Idí Amín, el dictador de Uganda, estaba como una cabra, eso lo recuerda casi todo el mundo, lo que pasa es que era un loco peligroso, y pocos se atrevieron a llevarle la contraria. Uno de los episodios más surrealistas de su gobierno se produjo el 2 de octubre de 1975: obligó a cinco británicos a arrodillarse ante él, a integrarse en el ejército ugandés y a prometer que lucharían contra el régimen del apartheid. La foto de aquel momento es para verla: cinco ingleses con traje y corbata, arrodillados frente a un mastodonte de casi 2 metros y 110 kilos de peso, vestido de militar y puesto en jarras. A ver quién se negaba.

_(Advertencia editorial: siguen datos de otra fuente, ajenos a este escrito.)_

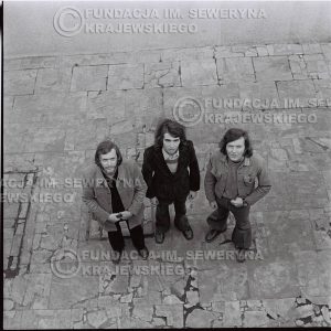 # 1369 – 1973r. Katowice przy Hali Widowiskowo-Sportowej 'Spodek'. Czerwone Gitary w składzie: Seweryn Krajewski, Jerzy Skrzypczyk, Bernard Dornowski.

A Idí Amín, los términos derechos humanos le sonaban a chino, por algo acabó con la vida de casi medio millón de compatriotas durante sus nueve años de dictadura. Asunto que no preocupaba al resto de líderes africanos, porque le llevaron a la presidencia de la Organización para la Unidad Africana, la OUA, y total, sólo porque Amín criticaba abiertamente el régimen racista de Sudáfrica. Ya les vale… como si la sartén tuviera algo que decirle al cazo.
Aquella peripecia de los británicos arrodillados no fue la única por la que pasaron los ciudadanos ingleses residentes en Kampala, en la capital. Aquel mismo año de 1975 también les obligó a que, de vez en cuando, le llevaran a hombros en su trono. Y ni rechistaban, porque les había salido el tiro por la culata. Fueron los británicos quienes entrenaron a Idí Amín como militar y los que le dieron todo su apoyo cuando arreó el golpe de Estado del año 71. Luego vinieron mal dadas y ya era demasiado tarde para actuar.
Aquel extravagante antropófago se les había ido de las manos. Sólo les quedó aguantarse, reírle las gracias cuando se hacía llamar «el último rey de Escocia» y salir por pies en cuanto pudieron. Por supuesto, el mundo nunca se planteó poner orden en el régimen tiránico de Uganda. Todos hicimos mutis por el foro, Estados Unidos cerró su embajada y dejamos que se apañaran ellos. Hay que entenderlo, en Uganda no hay petróleo.